I don't think organizations necessarily confuse the database with the model.
They are typically trying to generate a robust schema that has proper
business rules in order to maintain stability without relying on another
application such as Java, VB, whatever--I don't even think MVC is in their
mind when the ERD is drafted up.  The end result is that the database ends
up being a great representation of the final model, because it incorporates
the same business rules that the model will end up supporting. For example,
a checking account entity has a foreign key reference to a user account.
The implementation of this model will also require the person to have a user
account before they can review a checking account.

> In the rush to market, we have often taken shortcuts and let our page
> representations refer directly to the database representation. As long
> as the database is stable, this isn't a problem. But if the database
> changes, and there is nothing between the page and the database, then
> the pages need to change with it.

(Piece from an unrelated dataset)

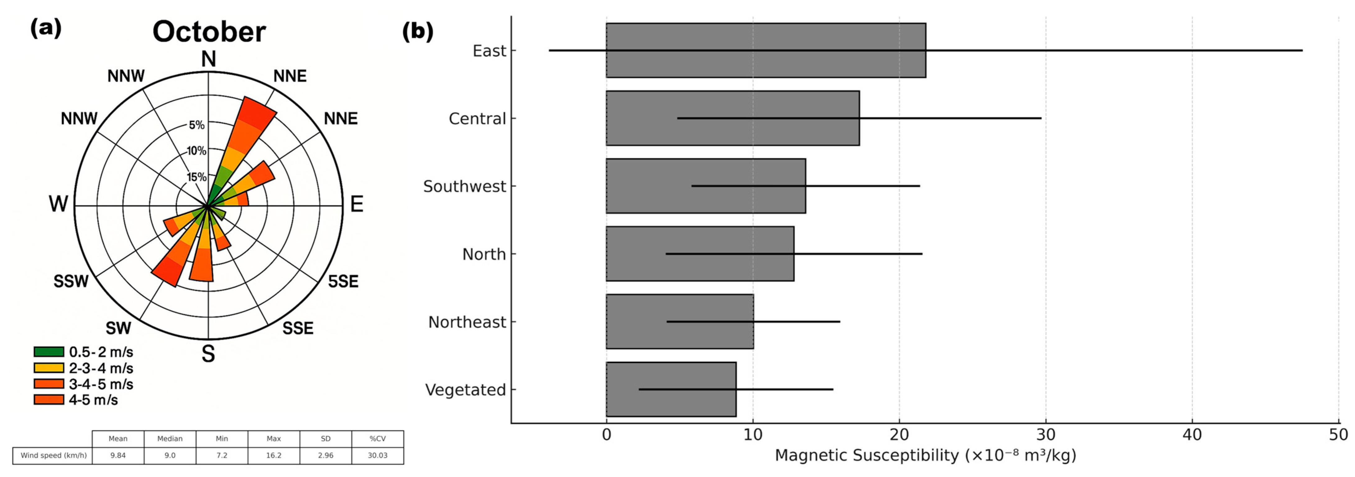 - Marié, D.C.; Chaparro, M.A.; Gogorza, C.S.; Navas, A.; Sinito, A.M. Vehicle-derived emissions and pollution on the road Autovia 2 investigated by rock-magnetic parameters: A case study from Argentina. Stud. Geophys. Geod. 2010, 54, 135–152. [Google Scholar] [CrossRef]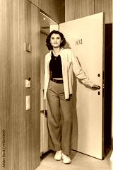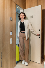 full length of pleased woman in white shirt and beige pants, with wavy brunette hair holding yellow travel bag and smiling while opening door of hotel suite near keycard reader, check-in

Likewise, in this type of "model 1"
> arrangement, changes we want to make to the pages sometime imply making
> changes to the database.

What is worse is that current MVC implementations require you to recompile
Java when the database changes!  That is much more painful because now a
simple database change causes the page designer _and_ a Java programmer to
be involved.

The same stability issue arises with the JVM as it does with the database.
If the database is properly designed then all will be ok.  If the Java
objects are properly designed then all will be ok. The same problem arises
either way.

Current MVC implementations require that the objects referred to above
always reside within an application, without having the flexibility to allow
the objects to reside in the database.  IMHO, this is not a good thing . . .
its a bias toward a particular technology.

> In a true MVC implementation, there is a pure-object Application Model
> that mediates between the page model and the database model.
> Essentially, we end up with an adaptor between the page and the
> Application Model and another adaptor between the Application Model and
> the database.
>
> This lets pages be pages and databases be databases. If one
> representation changes, we update its adaptor to the Application Model.

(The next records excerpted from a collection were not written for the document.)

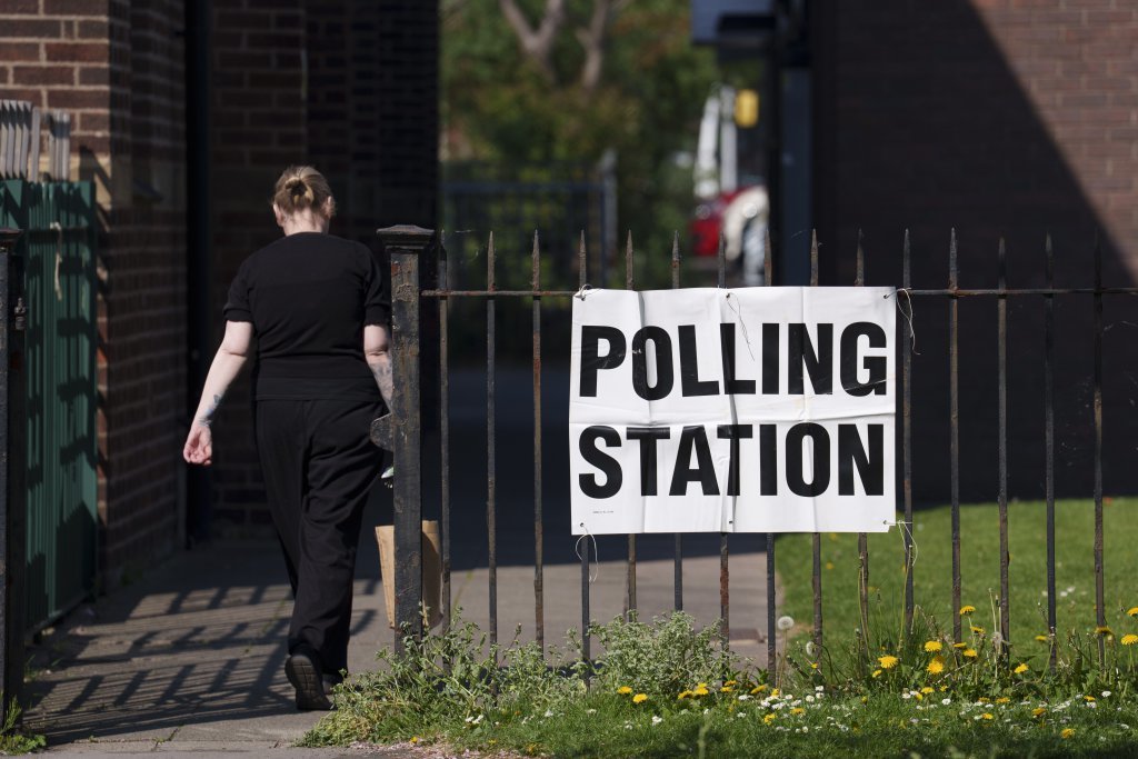 5月1日,在英国普雷斯顿,一名女子走向一家投票站。英国5月1日上午举行英格兰部分地区的地方选举。图据新华社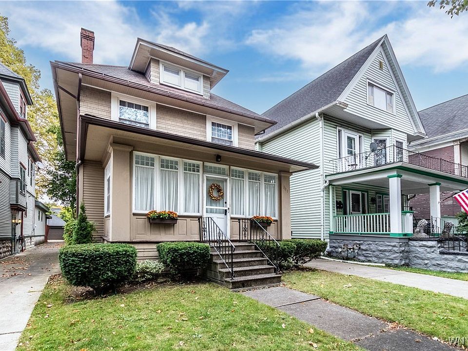 Fantastic two story home in the highly desirable Parkside district. This house features three bedrooms and 1.5 baths. Phenominal natural oak woodwork and hardwood flooring throughout. Sunroom in front provides a very nice space to let one add their special touch. Several new storm doors have been recently installed. The attic space can easily be converted to add living space. Basement features a newer HWT and glass block windows. A very deep lot provides a large backyard with a three car garage. Located close to the popular Hertel Ave area featuring shopping, restaurants and entertainment. Walking distance to the Buffalo Zoo and Delaware Park.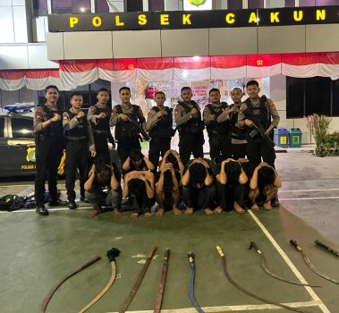” Terdapat 12 (dua belas) remaja berikut barang bukti Sajam berbagai jenis , handphone, diserahkan oleh Tim TP3 Polres Metro Jaktim ke Polsek Cakung.” Ungkap Kapolsek Cakung Kompol Panji Ali Candra saat dikonfirmasi.

To satisfy this, why can't the "adaptor" be an SQL "object" that interfaces
with the underlying entity as opposed to a Java object that has embedded SQL
that interfaces with the underlying entity?  Then MVC is not locked into
Java objects only.

> More importantly, decoupling the representations makes it easier to
> *test* the pages and the database independently of one another. The
> pages or the database can be tested directly against the Application
> Model, without having both running at the same time. We can also swap in
> a mock adaptor to test against a mock database or mock page.
>
> Of course, coding a true Application Model and the adaptors to go with
> it is more work and not always justified by the scope of a project. But
> if the project is enterprise-grade, subject to change, and will be in
> service for many years, an explicit Application layer quickly pays
> dividends.

Agreed.  Its just too painful to require your Java team to be involved with
database changes that shouldn't have to involve them.  Again, an SQL
"object" would allow the SQL programmer and page designer to get the job
done as well.

> But, there are many, many environments where the database is stable and
> linking the page representation to the database representation is not
> such a bad thing. The vital issue is to get as many of the database
> implementations details out of the VTL as possible. This way, such
> details can be maintained by someone who understands the databases but
> not VTL, AND so that this information can be shared between VTL's.
> Apparently, VeloSurf is trying to do exactly that!

Agreed, however the DDL _and_ the DML need to be decoupled.  The DML is
really the adaptor between the page and the database so it should be
referenced via a VTL tag much like a Java object would, but it could still
be placed in a text file somewhere for easy editting by the SQL programmer,
without having to involve a Java programmer.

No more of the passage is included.